Descriptive Statistics:         

Central Tendency (or Groups’ “Middle Values”)

       Mean, Median, Mode

Variation (or Summary of Differences Within Groups)

     Range, Interquartile Range, Variance, Standard Deviation

Mean:

  • Most commonly called the “average.”
  • Add up the values for each case and divide by the total number of cases.
  • Means can be badly affected by outliers (data points with extreme values unlike the rest)
  • Outliers can make the mean a bad measure of central tendency or common experience

Y-bar  =    (Y1 + Y2 + . . . + Yn) / n  OR   Y-bar  =   Σ Yi/ n

Example:

Mean of below numbers              

102,115,128,109,131,89,98,106  ,140,119,93,97,110

Σ Yi = 102+115+128+109+131+89+98+106+140+119+93+97+110=1437

Y-barA  =   Σ Yi = 1437/13 = 110.54     

Median:

  • The middle value when a variable’s values are ranked in order; the point that divides a distribution into two equal halves.
  • When data are listed in order, the median is the point at which 50% of the cases are above and 50% below it.
  • The 50th
  • The median is unaffected by outliers, making it a better measure of central tendency, better describing the “typical person” than the mean when data are skewed.
  • If the recorded values for a variable form a symmetric distribution, the median and mean are identical.
  • In skewed data, the mean lies further toward the skew than the median.

Example:

Consider below numbers:            

89,93,97,98,102,106,109,110,115,119,128,131,140          

Mode:

  • The most common data point is called the mode.
  • It is possible to have more than one mode.
  • It may give you the most likely experience rather than the “typical” or “central” experience.
  • In symmetric distributions, the mean, median, and mode are the same.
  • In skewed data, the mean and median lie further toward the skew than the mode.

Consider below numbers:

80 87 89 93 93 96 97 98 102 103 105 106 109 109 109 110 111 115 119 120 127 128 131 131 140 162

Range:

  • The spread, or the distance, between the lowest and highest values of a variable.
  • To get the range for a variable, you subtract its lowest value from its highest value.

Example:

102,115,128,109,131,89,98,106,140,119,93,97,110

Range = 140 - 89 = 51

Interquartile Range:

  • A quartile is the value that marks one of the divisions that breaks a series of values into four equal parts.
  • The median is a quartile and divides the cases in half.
  • 25th percentile is a quartile that divides the first ¼ of cases from the latter ¾.
  • 75th percentile is a quartile that divides the first ¾ of cases from the latter ¼.

Variance:

  • A measure of the spread of the recorded values on a variable.
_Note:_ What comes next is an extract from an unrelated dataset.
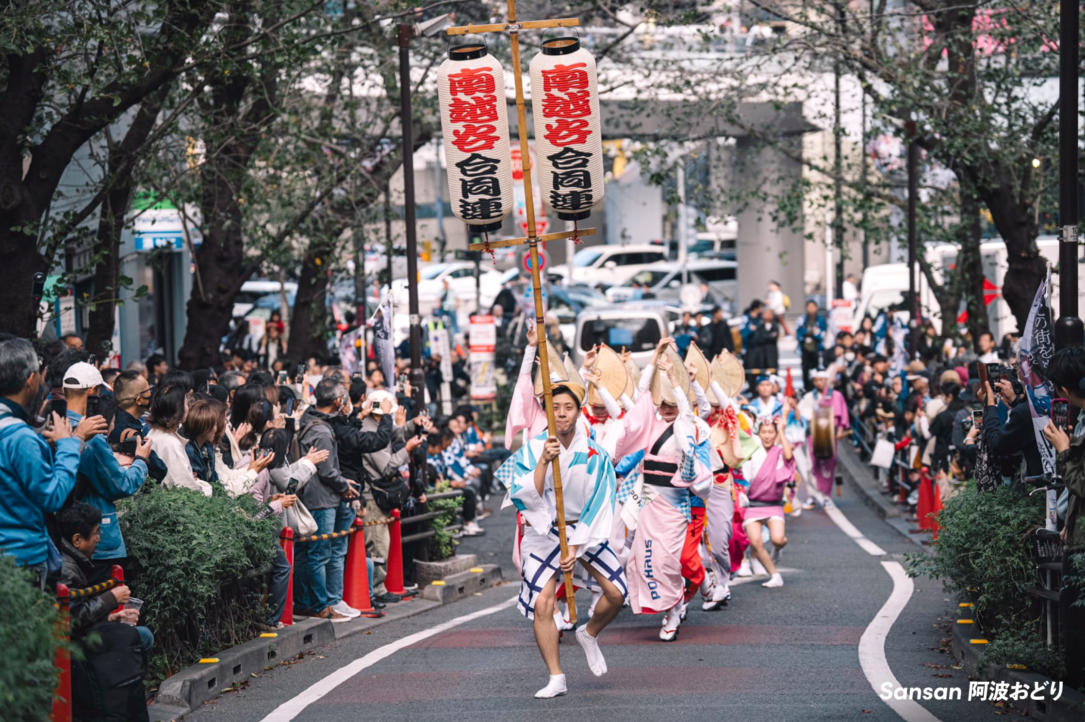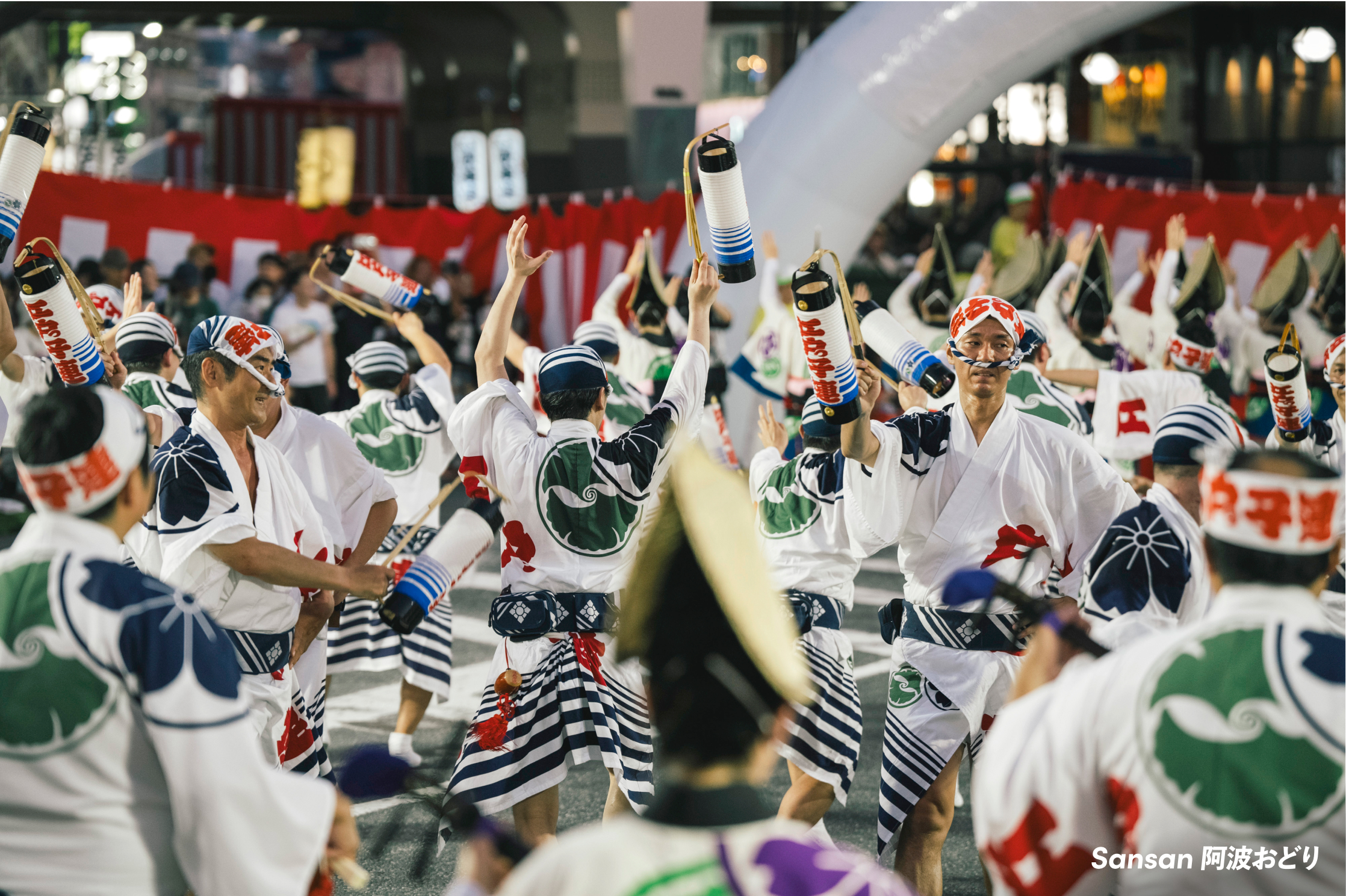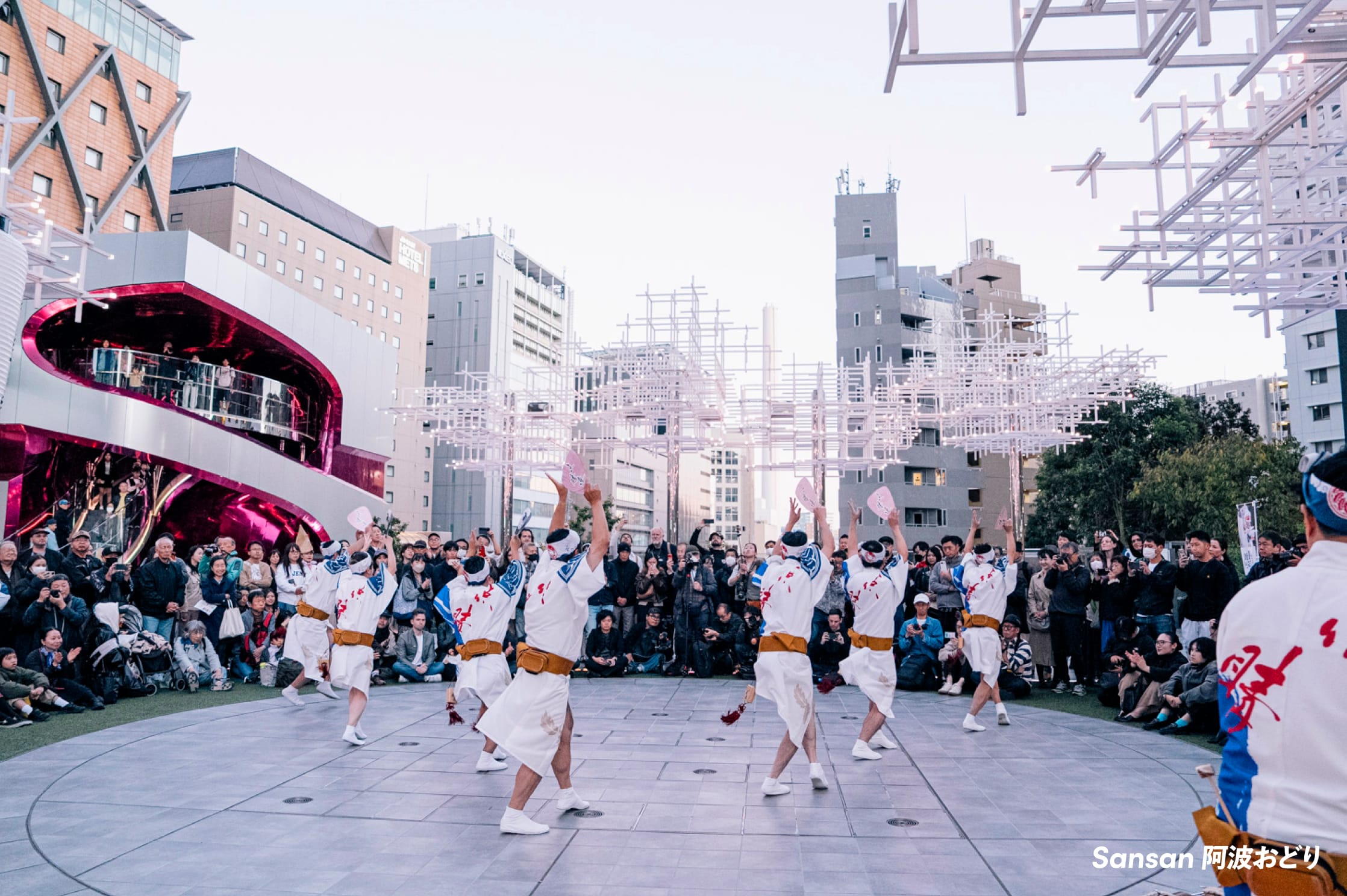 2024年11月、Sansanは本社移転先である渋谷サクラステージの開業を祝い、「渋谷阿波おどり powered by Sansan」を開催。日本三大阿波おどりである、徳島・高円寺・南越谷からそれぞれの選抜連/合同連が演舞を披露するほか、家族で楽しめる縁日や渋谷サクラステージ内でのフードコートとの連動企画を実施し、渋谷のまちに新たなにぎわいと出会いを創出しました。

A measure of dispersion.
  • The larger the variance, the further the individual cases are from the mean.
  • The smaller the variance, the closer the individual scores are to the mean.
  • Variance is a number that at first seems complex to calculate.
  • Calculating variance starts with a “deviation.”
  • A deviation is the distance away from the mean of a case’s score.

Variance = Σ(Yi – Y-bar)2 / n – 1

Standard Deviation:

  • To convert variance into something, create standard deviation.
  • The square root of the variance reveals the average deviation of the observations from the mean.

S.D.  = Square root  ( Σ(Yi – Y-bar)2  /(n-1) )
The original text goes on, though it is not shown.